As summer draws to a close, it’s easy to let the summer body go with it. All those hours, all those Instagram likes – gone in the swish of a McDonalds saver menu. It doesn’t have to be this way, though.
According to transformation specialist Dan Chapman – the man behind the ‘getting fit in your forties’ programme – a quick switch-up in the gym will keep those hard-won abs intact long after hibernation season has kicked in.
“The general idea is to opt for movements that work multiple muscle groups at once,” says Chapman. “That way, your body works harder, burns more calories in less time and still ensures a consistent fitness level.” Plus, a lack of equipment is no excuse to swerve a workout. “Stick to bodyweight moves. They’re effective, and you can do them anywhere.”
Yes, on the nutrition side you’ll have to continue dodging stodge and stay away from hearty pints of winter ale, but if you can do that, Chapman says these three moves will keep you lean, fit and strong.
Prisoner Kneeling-Get Ups
Why: “This is a killer lower body and core blast that focuses on the entire thigh and the glute area.”
How: “Start in a kneeling position with a stance just wider than your shoulders, hands placed behind your head.
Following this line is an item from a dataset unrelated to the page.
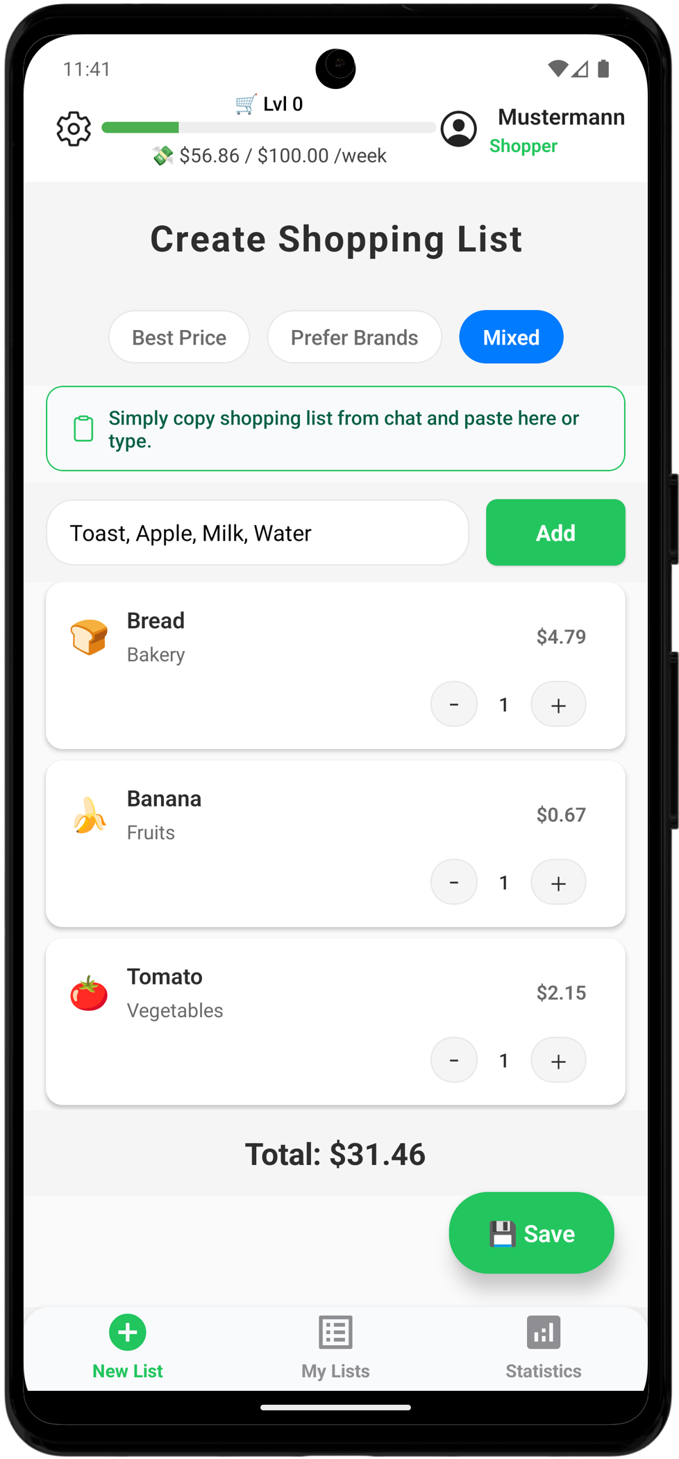 Set weekly budgets, track your expected expenses in real-time, and get detailed insights into your grocery shopping habits. Save money with smart price strategies.

Make sure your core is braced tight, and plant one foot on the floor as if you’re about to get up, then immediately follow with the other leg staying in a low-wide position. Then, kneel back down again reversing the movement and repeat, but this time, alternate the legs.”
Length: “Incorporate this sequence into a circuit or leg workout for either 3 sets of 10, or 45 seconds for shorter workouts.”
Total Body Killer Combo:
Why: “It’s an awesome way to hit the entire body with a crawl out, push-ups and jump squats.”
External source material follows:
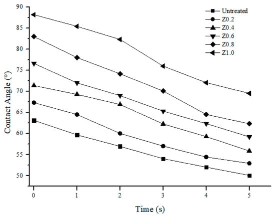 Figure 6 shows water contact angle vs. time for untreated nylon 6,6 NFM and nylon 6,6 NFM incorporated with ZIF-8. It was observed that the hydrophilicity of NFM decreases as the loading of ZIF-8 increases. This is due to the hydrophobic nature of ZIF-8 [] which hinders the water uptake. Apart from that, decrease in membrane hydrophilicity is also associated with the surface roughness. Rougher surface leads to lower interface energy due to a greater interfacial contact area between liquid and solid and hence increases the water contact angle [,]. Nevertheless, even though the water contact angle increases, it is still below 90°, which indicates that all of the membranes are hydrophilic.

How: “Standing upright with your feet wider than shoulder width apart, bend the knees slightly and lean forward, reaching to the floor. Now, crawl forward until you’re in a push-up position, and immediately perform one push-up and reverse crawl back to the start position. Without any rest, then explode up into a vertical jump and land in a squat. Then simply repeat.”
Length: “Try 3 sets of 10, or 45 seconds for shorter workouts.”
Why: “This takes your average push-up to the next level and fires up your arms, chest and core. As this is more explosive, you’ll get more overall benefits and burn those calories.”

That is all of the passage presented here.